На севере Нового Южного Уэльса январь – самый жаркий месяц и самый влажный. За три дня сплошных дождей земля в загонах промокла насквозь – я размахивал мотыгой, а теплая, словно дерьмо, грязь чавкала между босыми пальцами. До того дня ручей был прозрачен, как джин, вода покрывала каменистое дно едва ли на два фута, но теперь струи размытой земли превратили мирный доселе поток в разбушевавшееся чудище, желтое, неистовое, захватывавшее все вокруг, быстро выросшее до двадцати футов и сожравшее изрядную порцию заднего двора, покушавшееся уже и на самый берег, на краю которого стояла целомудренно моя студия, благоразумно, однако не слишком надежно укрепленная высокими деревянными подпорками. Здесь я мог разгуливать на площадке в десяти футах над землей и у самой кромки бушующей реки, словно вдруг оказался на молу. Показывая мне дом, Жан-Поль окрестил эту шаткую площадку «сцинком», подразумевая австралийскую ящерицу, которая в случае опасности сбрасывает хвост. Интересно, а он вообще-то понимал, что дом построен в затапливаемой местности?
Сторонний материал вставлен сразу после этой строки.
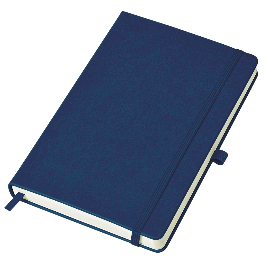 Бизнес-блокнот "Justy", 130*210 мм, темно-синий, тв. обложка, резинка 7 мм, блок-линейка, тиснение
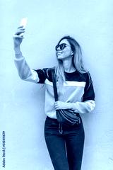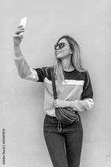 Beautiful girl summer city, hand mobile phone, beige sweater black glasses. Photographs smartphone, selfie phone, happy smiling laughs. Post social networks. Modern fashion style woman.
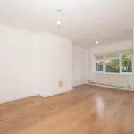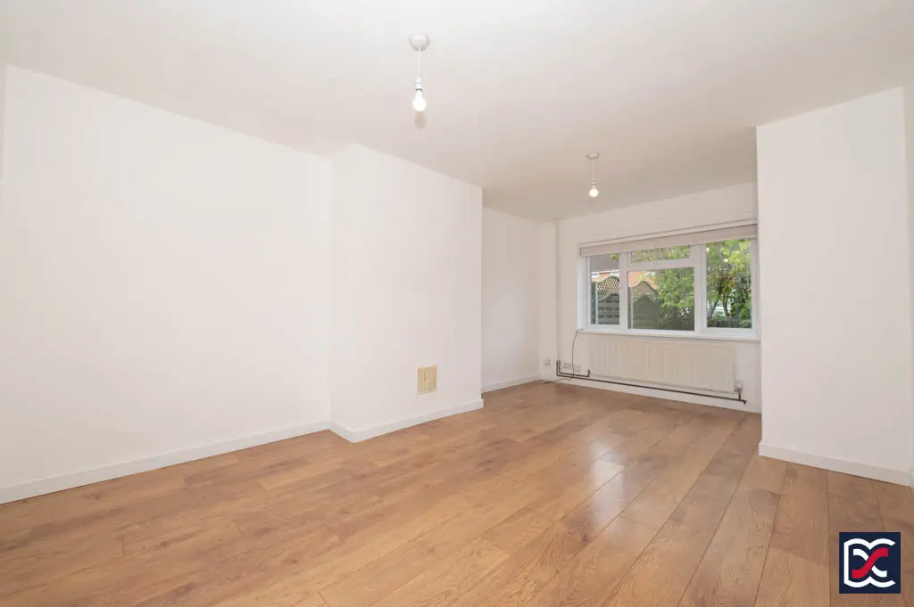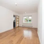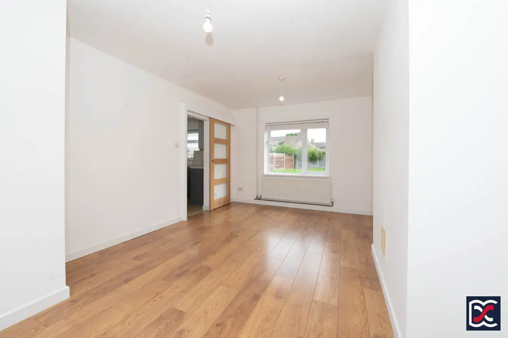 This generously proportioned dual-aspect room is finished with oak-effect laminate flooring, continuing from the entrance hall. Double-glazed casement windows to the front and rear provide excellent natural light. The original fireplace has been blocked and vented, and the walls are neutrally decorated in off-white tones. The front area would accommodate lounge seating, while the rear is suited for dining, with a glazed sliding door opening directly to the kitchen.
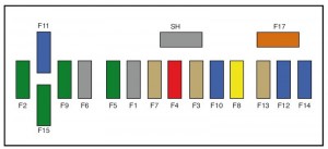 | F11 | 15 | Interruptor de ignição de baixa corrente |
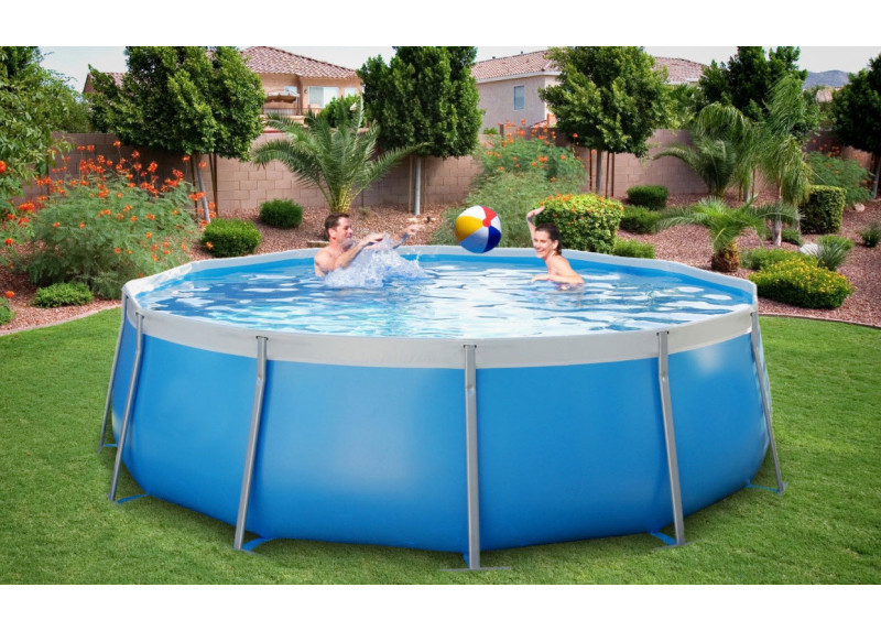 Vasca in tessuto di poliestere bispalmato trattato anti UV ed antialghe e telaio in acciaio galvanizzato e verniciato con prodotti speciali che consentono alla piscina lunghe permanenze a temperature estreme.
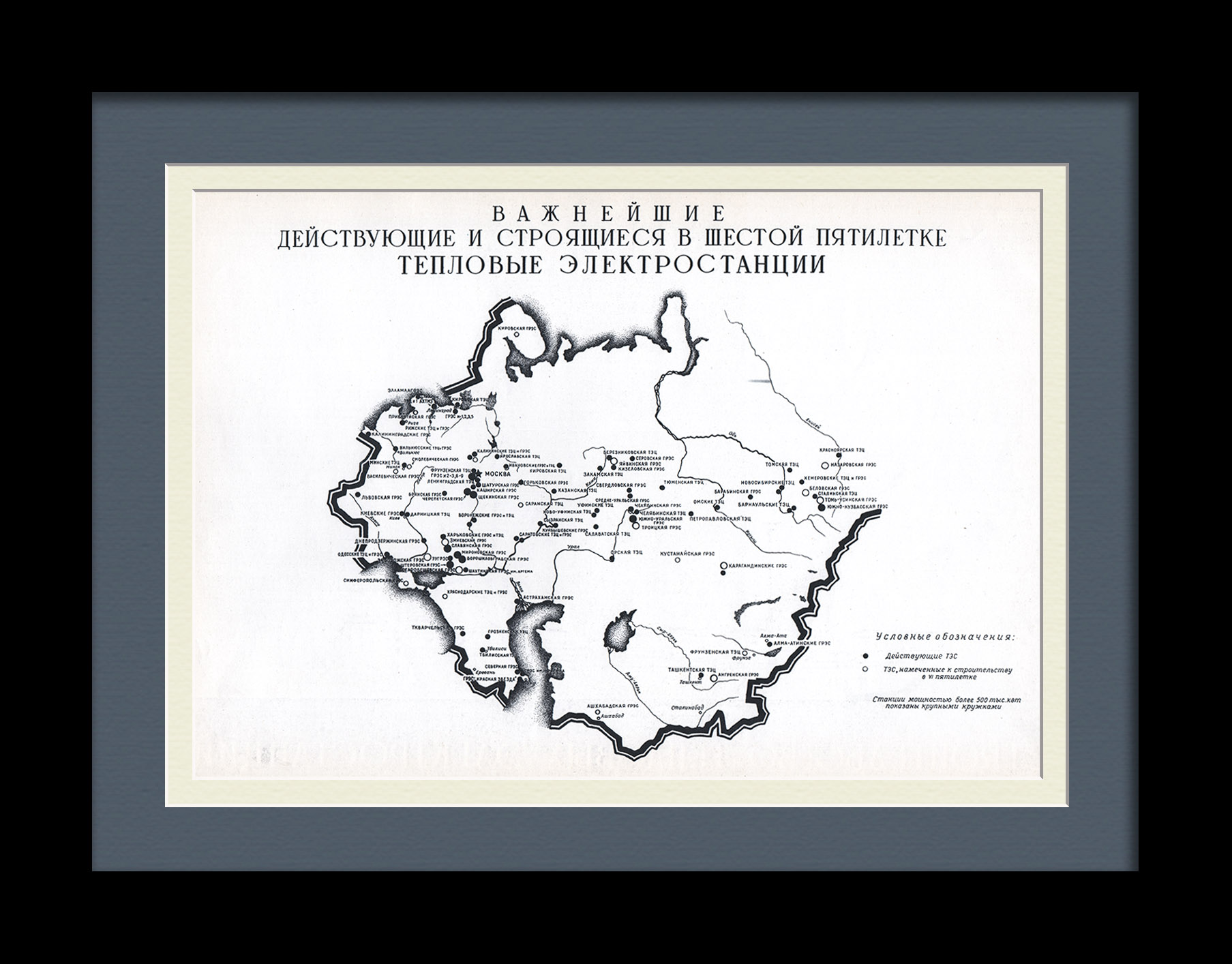 Малотиражный советский план «Важнейших действующих и строящихся в шестой пятилетке тепловых электростанций» подробным образом документирует расположение объектов энергетики в СССР. На XX Съезде ЦК КПСС в 1956 г. была подчеркнута необходимость дальнейшего наращивания мощностей на электростанциях: «Что касается строительства тепловых электростанций, то здесь ставится задача сооружения мощных электростанций с агрегатами по 100, 150 и 200 тысяч киловатт, работающего на паре высокого давления и высокой температуры.». Помимо действующих тепловых электростанций представлены 20 объектов в процессе строительства: Кировская ГРЭС, Прибалтийская ГРЭС, Смолевическая ГРЭС, Василевическая ГРЭС, Калининские ТЭЦ и ГРЭС, Змиевская ГРЭС, Запорожская ГРЭС, Старобешевская ГРЭС, Симферопольская ГРЭС, Краснодарские ТЭЦ и ГРЭС, Ашхабадская ГРЭС, Саранская ТЭЦ, Троицкая ГРЭС, Яйвинская ГРЭС, Кустанаевская ГРЭС, Карагандинские ГРЭС, Ангренская ГРЭС, Назаровская ГРЭС, Беловская ГРЭС, Томь-Усинская ГРЭС. Графический лист являлся сопровождением альбома «Энергетическое строительство СССР».
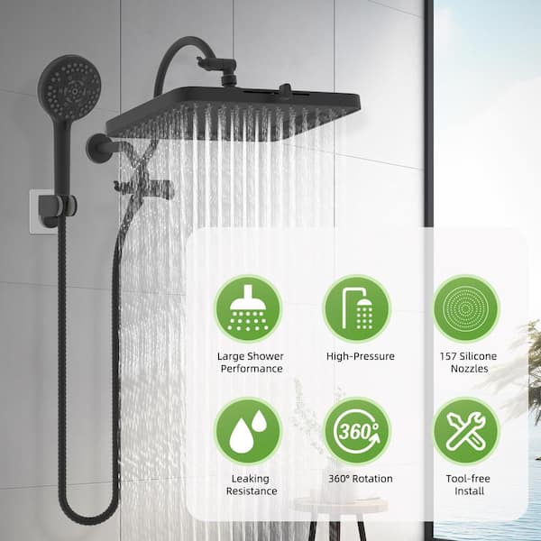 5-Spray 13 in. Dual Wall Mount Fixed and Handheld Shower Head 1.8 GPM in Matte Black with 12 in. Extension Arm
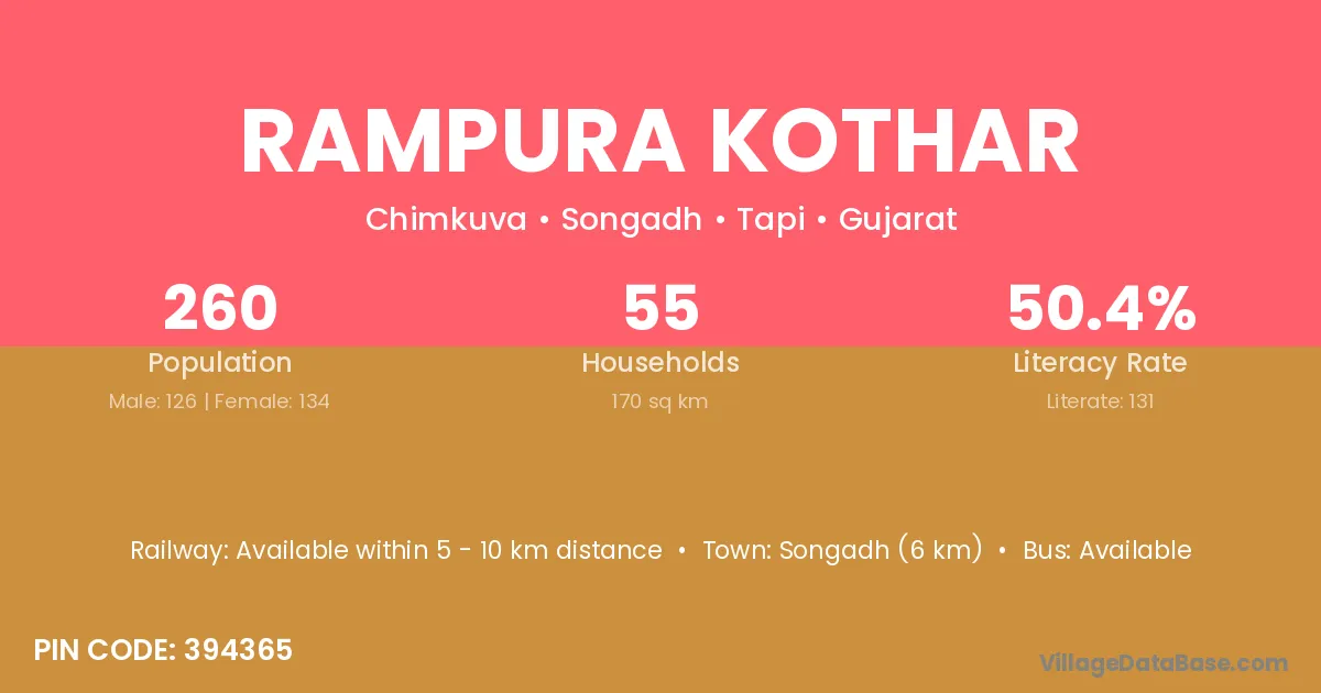 Songadh (6 km) is the nearest town to Rampura Kothar village for major economic activities and is located approximately 6 km away.
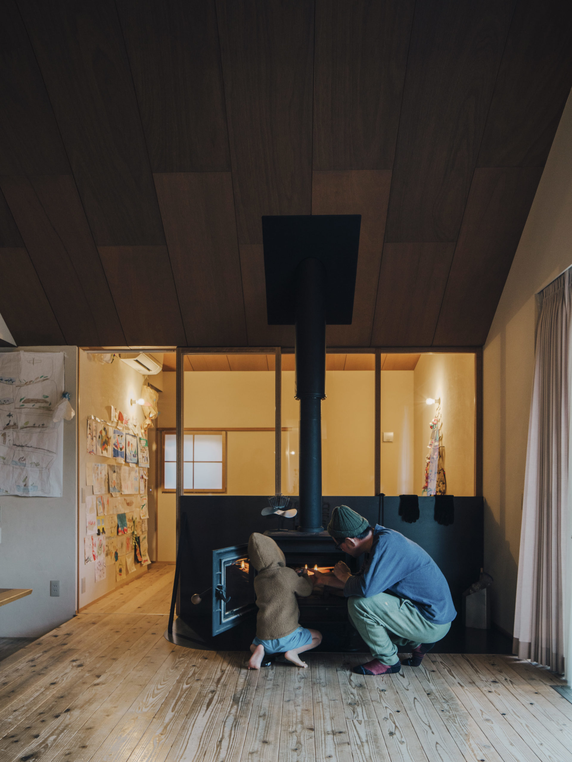 冬は薪ストーブ一台で家全体をあたためる。
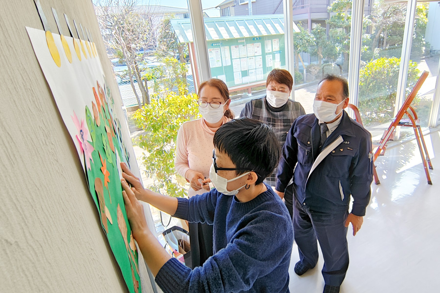 「お迎え掲示を作る中で、『自分は意外と思いが強い』と気が付きました。仲間と“調和”を意識して、若い人や、遠慮しちゃう人の意見にも耳を傾けたら、想像以上にアイデアが出てきたんです! きょう、これほど皆さんに喜んでいただけたのは、みんなの力。本当にうれしかったです」。
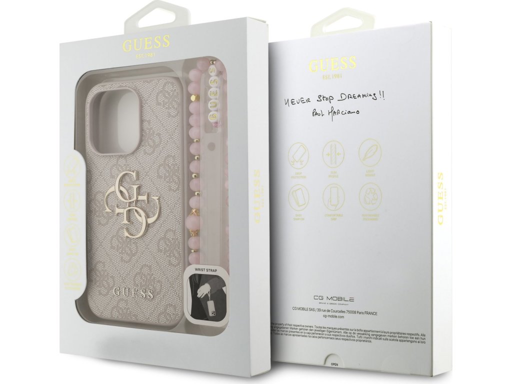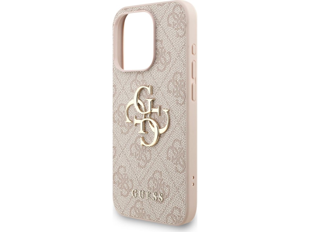 Guess PU 4G Metal Logo Strap Zadní Kryt pro iPhone 15 Pro Max Pink
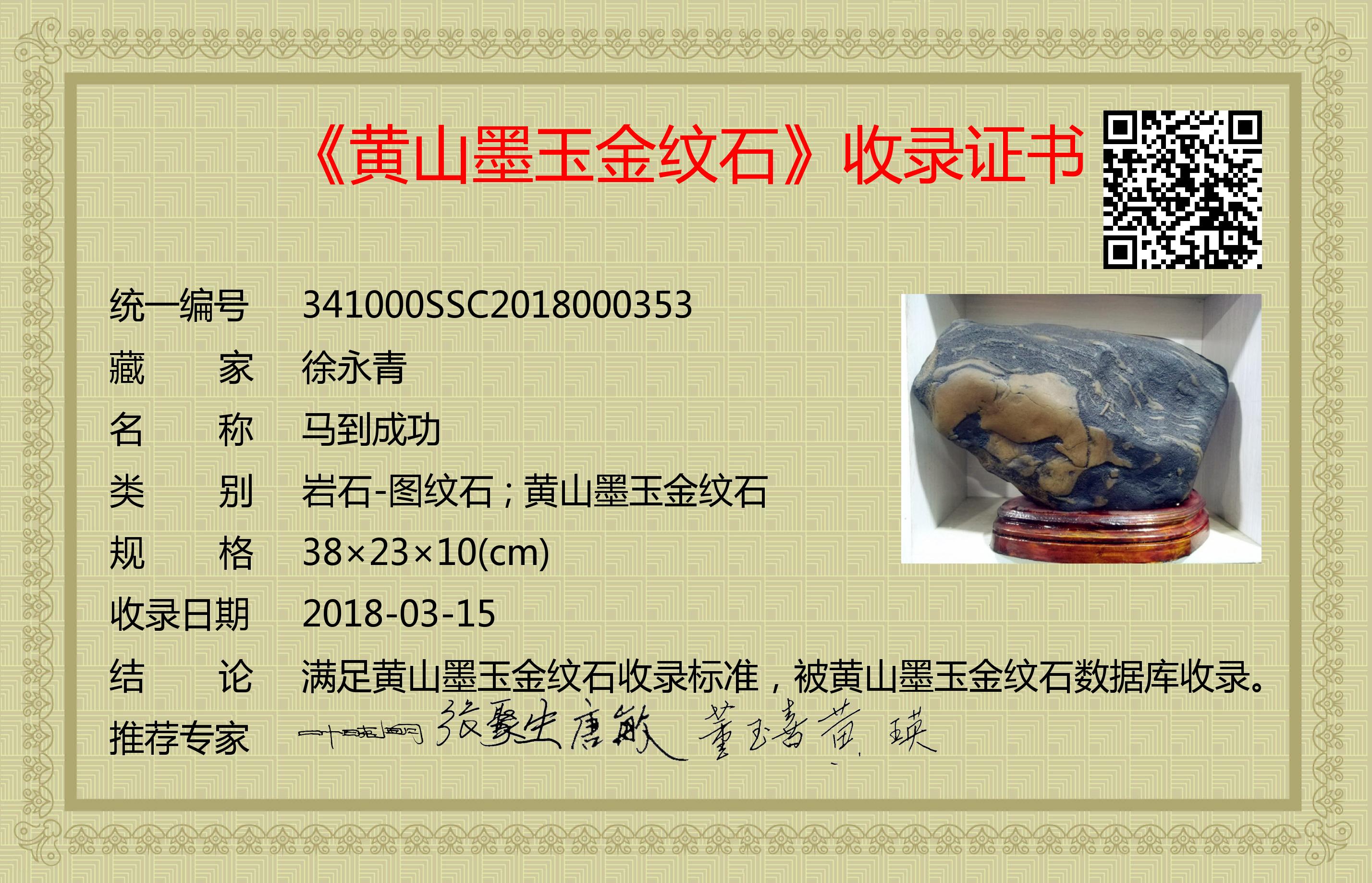 满足黄山墨玉金纹石收录标准,被黄山墨玉金纹石数据库收录。
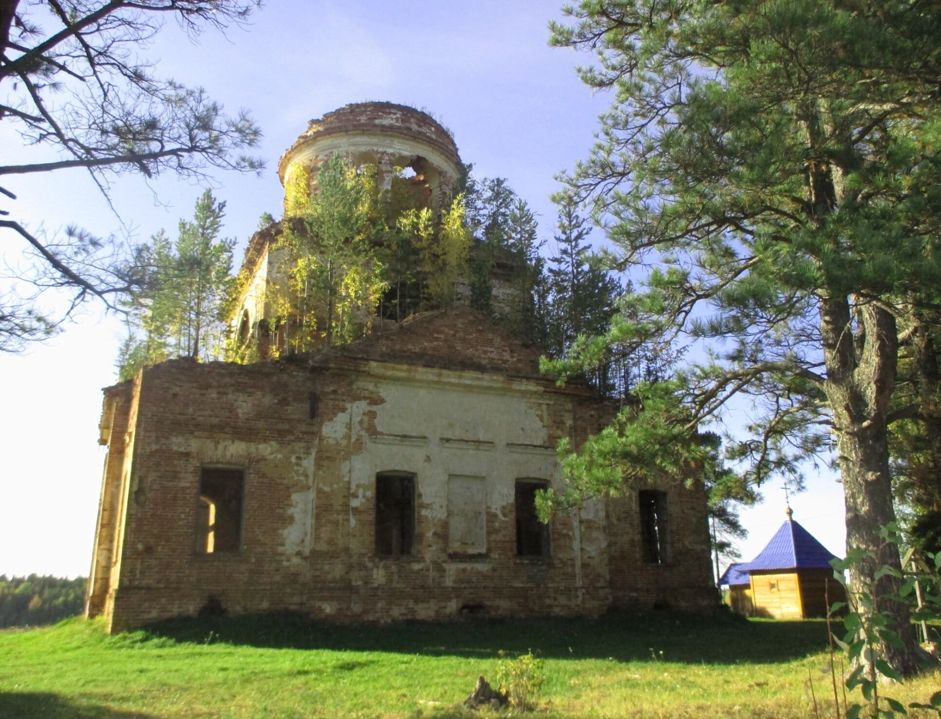 Справа от основного здания можно видеть сохранившуюся малую деревянную постройку, увенчанную синим куполом со звёздами, которая, вероятно, служила часовней или колокольней. Этот объект контрастирует с главным храмом своим более цельным видом, напоминая о первоначальном благолепии всего церковного комплекса.
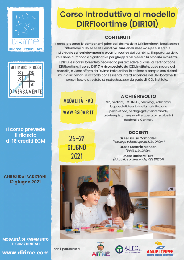 E’ il Corso Introduttivo al DIRFloortime riconosciuto e certificato da ICDL Institute (Interdisciplinary Council of Development and Learning), casa madre del modello DIRFloortime®. Il DIR101 è il primo step necessario per poter accedere al percorso di Certificazione nel Modello DIRFloortime®. Il corso rilascia l’Attestato di Partecipazione direttamente da ICDL Institute e permette di avere accesso al livello di formazione successiva (Corso di certificazione DIR201-Basic) all’intero del piano formativo di Certificazione per diventare terapista DIRFloortime®.
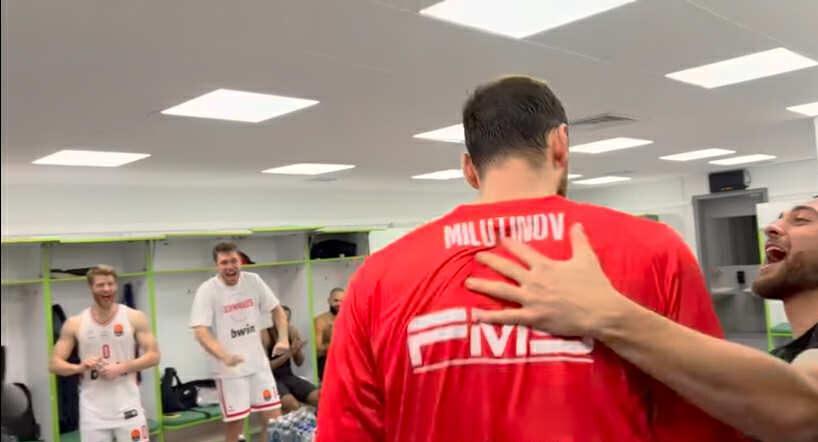 Οι παίκτες της ομάδας χάρηκαν αυτή τη μεγάλη νίκη, με τον Νίκολα Μιλουτίνοφ να γνωρίζει την αποθέωση στα αποδυτήρια του ΟΑΚΑ και όλους να φωνάζουν «Ολυμπιακός» όντας μία γροθιά, όπως φαίνεται στα αποκλειστικά πλάνα που δημοσίευσε η ΚΑΕ Ολυμπιακός.

Мы пробыли в ссылке совсем недолго, 'недель шесть, я точно помню, поскольку тогда наводнение произошло впервые, и как раз в тот день Хью привез от наших соседей щенка квинслендского хилера, [8]спрятав его за пазуху пальто. За Хью нелегко присматривать и без такого довеска. Не то, чтобы с ним всегда было трудно – порой он бывает таким разумным, таким на хрен рассуди тельным, но вдруг превращается в плаксивого, лепечущего идиота. То он обожает меня, громко, взахлеб, усатый младенец с вонью изо рта, а на следующий день или в следующую минуту я становлюсь Вражеским Вождем и он прячется в зарослях, чтобы внезапно выскочить и со всей силы толкнуть меня в грязь или в реку или на грядки раздувшихся от дождя кабачков. К чему нам милый щеночек? У нас уже есть Поэт Хью и Убийца Хью, Хью-Идиот и Хью-Мудрец, причем он был сильнее и тяжелее, и когда я оказывался под ним на земле, справиться с ним я мог, только свернув ему мизинец, да так, словно собирался сломать. Пес нам обоим был ни к чему.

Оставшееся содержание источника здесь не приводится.